According to the grown-up Mr Goss, that was then, this is very much now.
“Me, Luke and Craig are three men who decided that we were going to go on our own journeys," he explains today. "The day Bros split up, I lost a job that I loved, and I had to make a decision.
“I asked myself, 'Do you want to be famous or do you want to be a singer?' One road is tumultuous, it means getting off your arse and working really hard, getting lots of knock backs, and one means saying yes to a load of crappy offers.”
'When I lost the job I loved, I had to make a decision'
These offers still come in for Matt and twin Luke by the bucketload apparently, but none of them get a second look from either, with Matt firmly set on looking ahead, cue car metaphor…
“Rip the bloody rearview mirror off,” he instructs calmly. “Floor it, enjoy the view, look left and right, have your eye on the horizon.”
To be sure, he’s come a long way from those heady days when twins plus Craig’s horizon consisted of 11,000 heads piled up outside HMV for a record signing, or the queue of fans outside their parents’ house, while the teenage heartthrobs moved between hotels. “Even our mum’s become a celebrity,” they said at the time.
Since then, for Matt, there’s been solo music, an autobiography, a children's story, most recently a stint headlining at Caesar’s Palace in Vegas. In this temple of temptation, it seems the most fun Goss has is heading up to the roof of a night after a big show…
“Caesar’s palace is the mothership, it’s slap bang in the middle of the strip. I go up there, and we just look across the strip and wonder at it all.”
Who, Matt and a hundred bikinied groupies? “No, just big Jim, my bodyguard.”
The new album 'Life You Imagine' is testament to his musical credibility, with producer Ron Fair at the wheel, with the services of a 40-piece Hollywood orchestra.
“I wanted to write less words, but say more,” says Goss about this collection of tunes, before launching into a long reflection on what love is… basically, loyalty, monogamy, trust and stuff, summed up with his question, “Have you ever seen a mustang inside a fence?”
On the album, too, is a big-band version of 'When Will I Be Famous?' Hang on, I thought we were looking forward, ripping the rearview mirror off and all that…
“It’s a nod to history,” he acknowledges. “My life is very different to a song I sang when I was 17, so it’s coming full circle. It’s a 27-piece brass section, and one of the musicians actually owned Glenn Miller’s instrument. It’s little things like that which make you realise how far you’ve come.”
From that point, he's off, with a bewildering but authentic mixture of thoughts and sentiments that testify to a pot-pourri of British-nature, American-nurture influences… he moves with dexterous skill between his love of spiritual healing to being one of the lads who “boxed for 12 years”, from the importance of having an open mind, to faith, to… well, even the Loch Ness Monster gets a mention. It’s a lot to take in from the boy who once told us simply, “I owe you nothing.”

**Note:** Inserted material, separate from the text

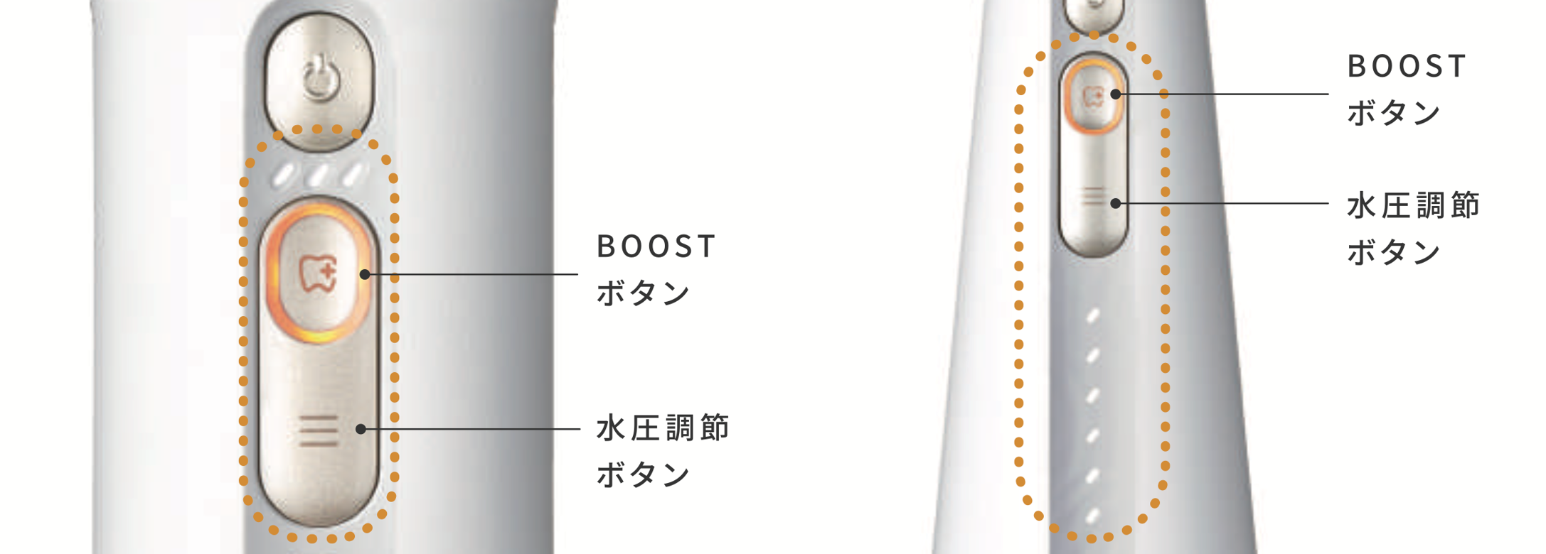 ジェットフロスMINI(YOI-1000W)は3段階+BOOSTモード。

On the subject of his self-fulfilling song on the subject of fame, he says now, “The only thing we cannot do without is our next breath. We must use our breath wisely, and not be embarrassed to want more.”
Matt Goss is intent on looking ahead, not back... 'rip the bloody rearview mirror off' is his instruction
If all this starts to sound a little… how to put it?... metrosexual, Matt Goss is at his sweetest talking about love, a subject on which he is delightfully old-school.
“I'd love to have a wife,” he says openly. “I’d love to have a woman say, ‘This is my husband,’ and to feel safe in a relationship. I’m still working on that. I'd love to be a dad.”
And he’s more appealing still, on a subject not often close to the heart of self-respecting popsters… old people.
“Britain’s beautiful and we’ve been responsible for so many things,” he starts, “but the attitude towards older people breaks my heart.
“They may move slowly and be more fragile, but that generation to me are the jewel in the British crown. I wish everyone would say ‘Good morning’ and ‘Thankyou’, and help people across the road.
“In fact, what inspired this album, was sitting with my grand dad, drinking a pint and listening to Nat King Cole.”
Spoken like a true Brit… with a powerful American influence.
Matt Goss's album 'Life You Imagine' is released on 14 October. Song samples below...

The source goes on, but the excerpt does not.